You Know, For Next Time
COVID made us realize a lot of things. We need to make health and safety a priority. The economy is not as virus–proof as we would have liked it to be. And life is precious. Not to mention, it forced us to acknowledge so many things we take for granted – like getting out of the house regularly!
COVID-19 has changed everything. Our society, economy, medical care, politics, you name it, have all made drastic adaptations. We will return to some semblance of normalcy, but the world will never be the same. For better or worse, this is the new normal.
And with these forced realizations, we also came to some quick insights about our homes while neck-deep in quarantine. Design is shifting and will continue to evolve as the impacts of this pandemic reverberate through every facet of how we live.
With the changing landscape of design in mind, we want to take a look at how homes might continue to shift within this pandemic paradigm. This way, the next time a global pandemic hits you can have your pantry stocked, T.P. piled high (though we’re going to recommend a bidet) and your home will feel so much more quarantine-friendly.
As we look ahead, here’s what we see changing in architecture and design.
With home design, the irony now is that one of the first things people think about after so much quarantine is how to get out of their house. We’ve realized that nature, open air and the outdoors are crucial to our health and sanity. In the new post-pandemic home, there will be a greater focus on private outdoor space. This could mean a backyard lounge area, a pool, an outdoor kitchen and anything else that can provide an escape, as well as safe social distancing measures. Even in compact homes we will see roof gardens, micro backyards, porches and balconies incorporated into the designs.

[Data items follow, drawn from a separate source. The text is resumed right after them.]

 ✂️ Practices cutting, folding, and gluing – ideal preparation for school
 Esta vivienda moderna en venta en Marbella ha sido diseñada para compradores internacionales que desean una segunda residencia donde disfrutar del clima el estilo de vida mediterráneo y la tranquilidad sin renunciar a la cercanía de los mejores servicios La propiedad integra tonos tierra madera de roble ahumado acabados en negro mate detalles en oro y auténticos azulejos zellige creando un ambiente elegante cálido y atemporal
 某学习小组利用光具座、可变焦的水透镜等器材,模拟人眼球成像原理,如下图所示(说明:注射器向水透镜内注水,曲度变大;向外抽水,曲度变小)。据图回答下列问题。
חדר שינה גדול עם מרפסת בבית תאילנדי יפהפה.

As we spend more and more time at home, the house will be required to provide more and more functions. One of the solutions to an adaptable living space is AD-APT. The first of many of its kind, the AD-APT system involves a series of modular walls and screens that can segment your home into a variety of spaces.

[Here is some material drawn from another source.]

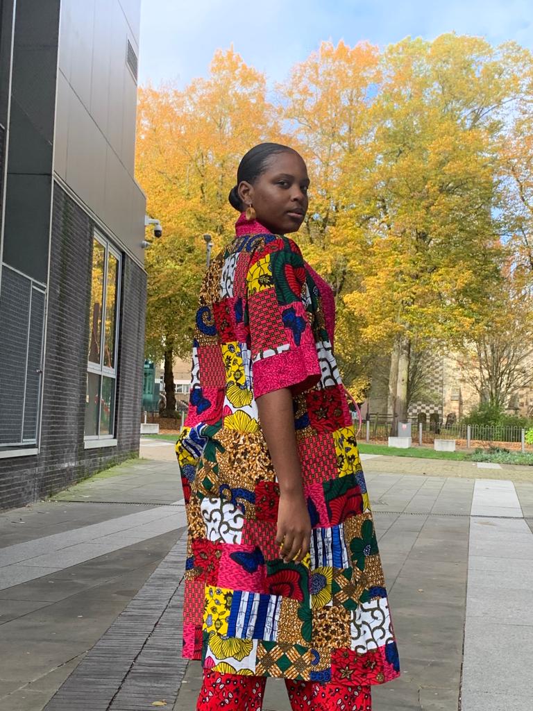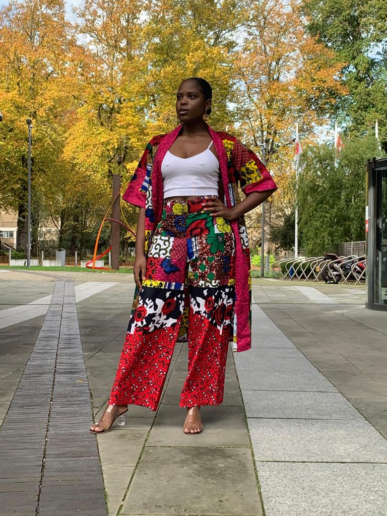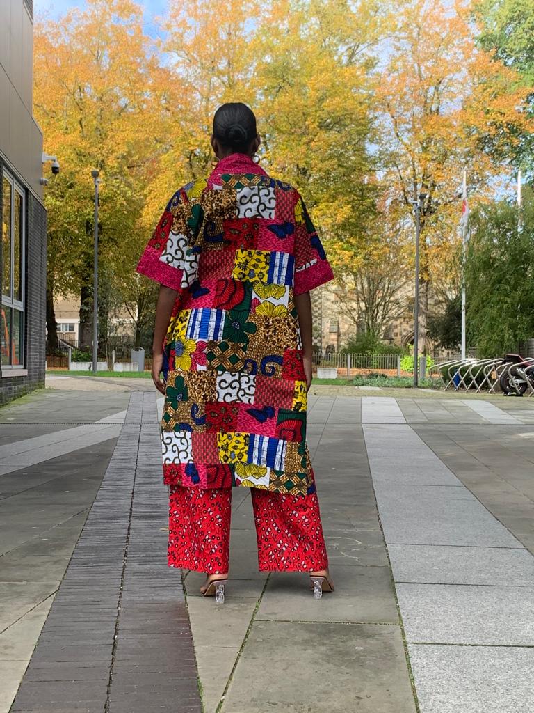 The long jacket in this set complements the Ankara bottoms impeccably. Crafted from the same Ankara fabric, it offers a fusion of traditional and contemporary elements. The length of the jacket provides a sense of sophistication, adding an extra layer of elegance to your outfit. It’s designed with a flattering cut and meticulous attention to detail, making it a versatile addition to your wardrobe. Wear it open for a relaxed look or cinch it at the waist with a stylish belt to create a more tailored appearance.

While we’re not going to make any definitive claims that the open floor plan is officially dead, we are going to see a big move back to more traditional floor plans. People need space, and sometimes that means moving from a wider open floor plan to designated offices, entertainment rooms, and hidden nooks.
The new kitchen
With so many people skipping the dine-out experience and opting to eat in, the kitchen has become, once again, central to the home. We’ll see designs that create a more sensible, organic flow in the kitchens, as well as appliances meant to increase efficiency and ease. Design will focus on the kitchen as the heart of the home.
The new home office
With so many of us working remote now, and businesses realizing that it can often make more sense and save more money to have employees work virtually, we’re going to see a massive rise in the importance of the home office. Home offices will be designed with comfort, quiet and productivity in mind. And people will invest more in desks, office chairs and other necessities for an industrious and contented workday from home.
The new “play” room
Parents aren’t the only ones who need space. Kids need a break too. They need to be able to play and explore. With the massive changes in education, they’ll also need a well-designed space where they can find their focus while in their virtual classroom.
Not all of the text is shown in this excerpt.